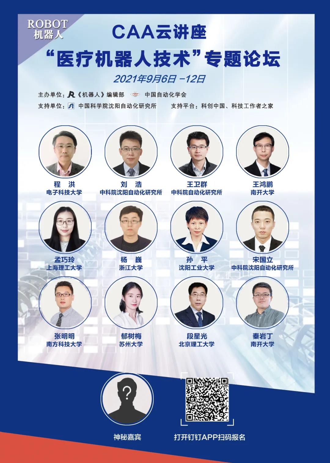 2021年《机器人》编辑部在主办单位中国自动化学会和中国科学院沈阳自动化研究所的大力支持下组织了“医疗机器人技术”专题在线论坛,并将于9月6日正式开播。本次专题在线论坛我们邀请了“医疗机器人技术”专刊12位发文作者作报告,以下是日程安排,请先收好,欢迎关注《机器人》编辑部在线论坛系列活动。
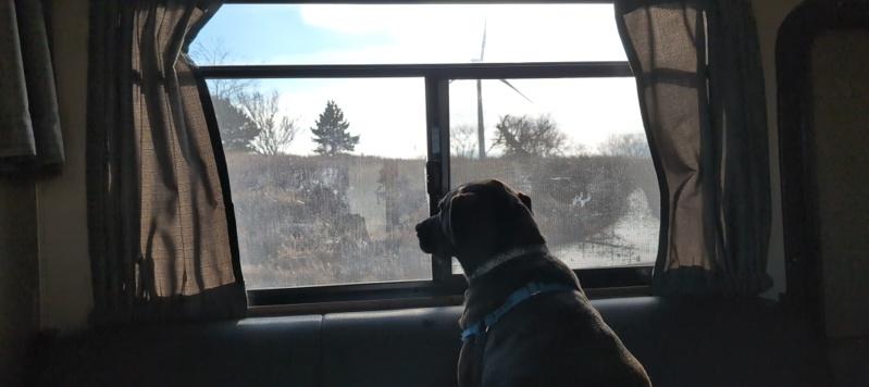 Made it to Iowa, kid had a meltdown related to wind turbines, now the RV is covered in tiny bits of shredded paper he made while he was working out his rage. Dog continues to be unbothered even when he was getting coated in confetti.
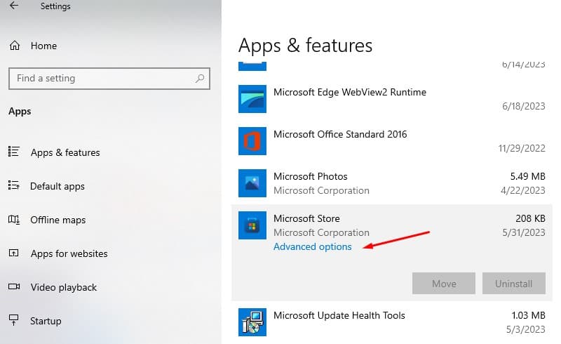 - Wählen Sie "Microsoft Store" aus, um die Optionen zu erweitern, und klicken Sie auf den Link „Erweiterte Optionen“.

==

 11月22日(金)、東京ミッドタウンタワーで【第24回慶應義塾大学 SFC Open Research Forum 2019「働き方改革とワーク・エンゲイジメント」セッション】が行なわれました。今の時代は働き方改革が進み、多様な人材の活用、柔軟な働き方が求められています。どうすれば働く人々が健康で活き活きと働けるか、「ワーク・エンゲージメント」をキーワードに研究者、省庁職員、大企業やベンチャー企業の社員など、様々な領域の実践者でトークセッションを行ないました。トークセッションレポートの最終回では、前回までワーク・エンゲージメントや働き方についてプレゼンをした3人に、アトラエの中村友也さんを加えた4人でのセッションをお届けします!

Problem to work on
Only the lines between the one with "2021年《机器人》编辑部在" and the one with "- Wählen Sie", those two included, get copied from the material above. Keep it exact and free of pictures.

Written answer
 2021年《机器人》编辑部在主办单位中国自动化学会和中国科学院沈阳自动化研究所的大力支持下组织了“医疗机器人技术”专题在线论坛,并将于9月6日正式开播。本次专题在线论坛我们邀请了“医疗机器人技术”专刊12位发文作者作报告,以下是日程安排,请先收好,欢迎关注《机器人》编辑部在线论坛系列活动。
 Made it to Iowa, kid had a meltdown related to wind turbines, now the RV is covered in tiny bits of shredded paper he made while he was working out his rage. Dog continues to be unbothered even when he was getting coated in confetti.
 - Wählen Sie "Microsoft Store" aus, um die Optionen zu erweitern, und klicken Sie auf den Link „Erweiterte Optionen“.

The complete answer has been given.